Lithium question/school suggestions

Discussion in 'General Parenting' started by Wonderful Family, Jun 16, 2009.

  1. Hi everyone:

    Been a while since I've been on since it's been so hectic at home and work. I thought the best way to do this would be an update and then list my questions.

    Overall, difficult child continues to do "OK"; basically he stays away from anything that will remotely cause him stress or make him uneasy. School finished OK as well. He's still great about taking his medications himself with minimal reminders. However, he does still become unglued if you take him out of his comfort zone at all and he is still paranoid/anxious most of the time.

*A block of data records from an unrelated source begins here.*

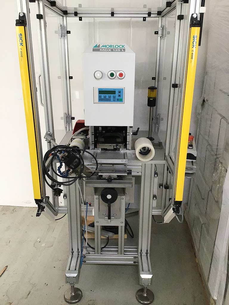 Dostępna jest jednokolorowa maszyna do tampodruku Morlock. System atramentowy: system kubków, owalny zakres średnic obrazu druku: 100mm-250mm, min. wymiary obrazu druku kliszowego X/Y: 100mm/210mm, maks. wymiary obrazu wydruku klisza X/Y: 250mm/280mm, średnica pojemnika na tusz: ok. 80mm, zakres siły nacisku: 1100N-1500N, max. szybkość cyklu: 1400-1800 cykli/h, wymiary maszyny X/Y/Z: ok. 1050mm/500mm/650mm, waga: ok. 250kg, kontrola: Simens. Dostępna dokumentacja. Możliwa jest wizja lokalna.
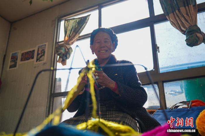 截至目前,合作社累计销售各类手工编织产品280余件,实现直接经济增收约134万元人民币,切实拓宽了乡村妇女增收渠道。图为合作社员工普布普赤正在操作捻线工序。
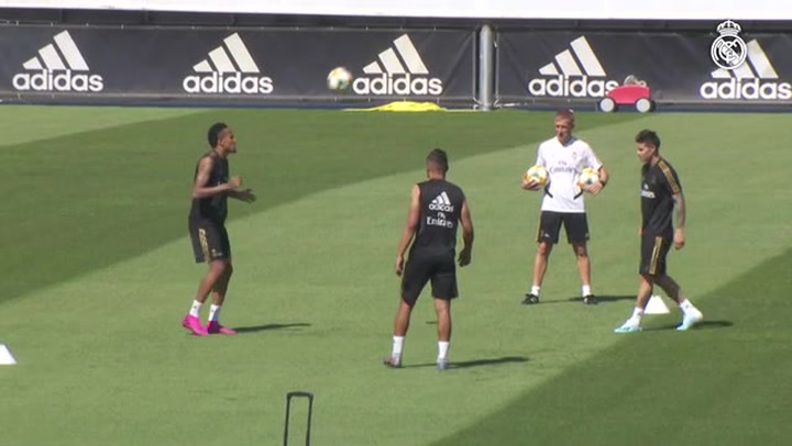 James Rodríguez se ejercita con sus compañeros del Real Madrid
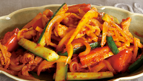 本来は牛肉でつくりますが、こってりとうまみの濃い豚バラ肉でボリュームアップ。肉と野菜にピリ辛の下味をつけて炒めるだけなので簡単にできます。夏野菜をふんだんに使って、バランスよく!
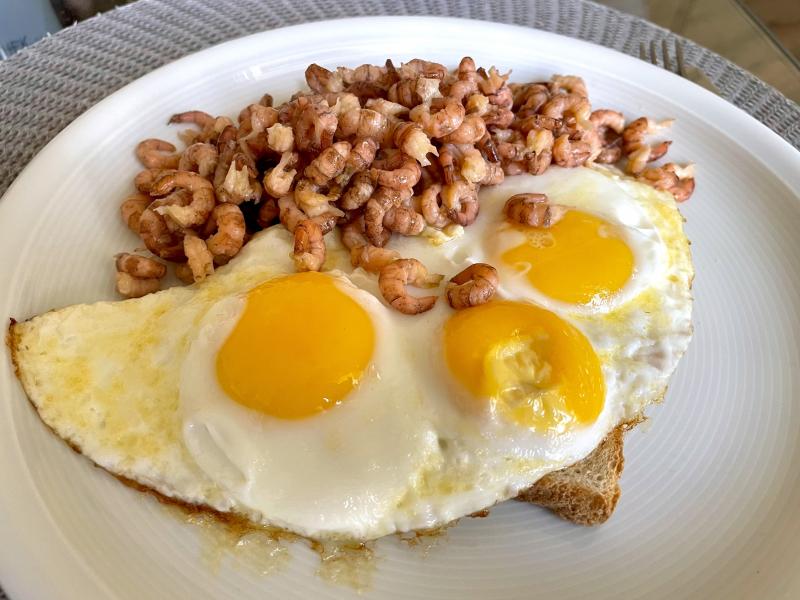 heute toast mit spiegelei und meermaden, selbstgepult 8)
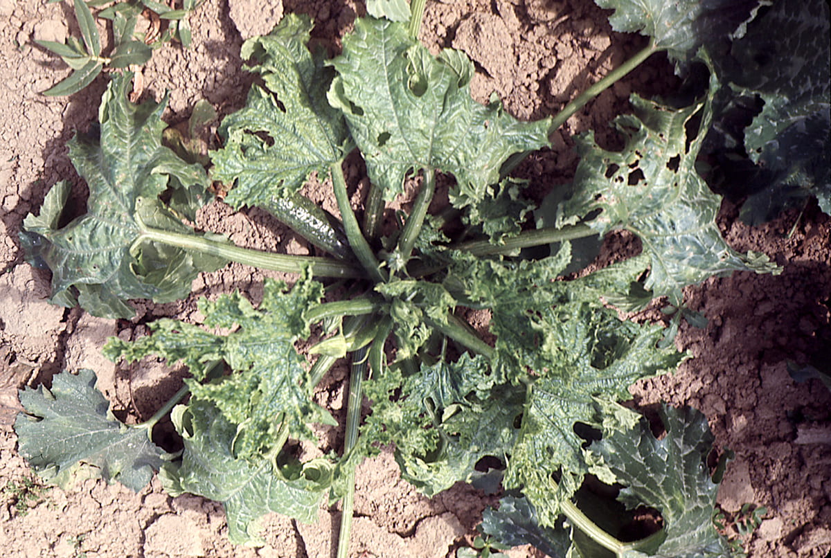 Zucchini Bestände (Cucurbita pepo var. giromontiina) können von verschiedenen Krankheiten und Schädlingen befallen werden. Viruskrankheiten sind dabei wohl das größte Problem.

He can just hide it now under "normal" home circumstances.

    psychiatrist wants to add lithium to the medication mix and start decreasing/eliminate the Geodon starting in July. Although we have not had any problems with the Geodon, the concern is due to unknown long-term side effects and his still constant cycling - combined with the inability to increase the lamical anymore until he gains some significant weight.

    Obviously, there's a good chance that the Geodon may not go away completely . . . but that was psychiatrist's stated goal. I think difficult child may stay on at least a low dose; but we have a great psychiatrist who will listen and work with us.

    To make matter worse, difficult child will have to go back to public schools next year due to a pending job loss for husband. SD is extremely hard to work with; difficult child went to a private school for special needs kids the last couple of years. I had a child that would sit in a catatonic state and just wring his hands for hours on end; yet there was "nothing wrong with him" according to SD - when he wasn't raging. Of course, he was just extremely hyper at school when he was there and was constantly in trouble for dumb things.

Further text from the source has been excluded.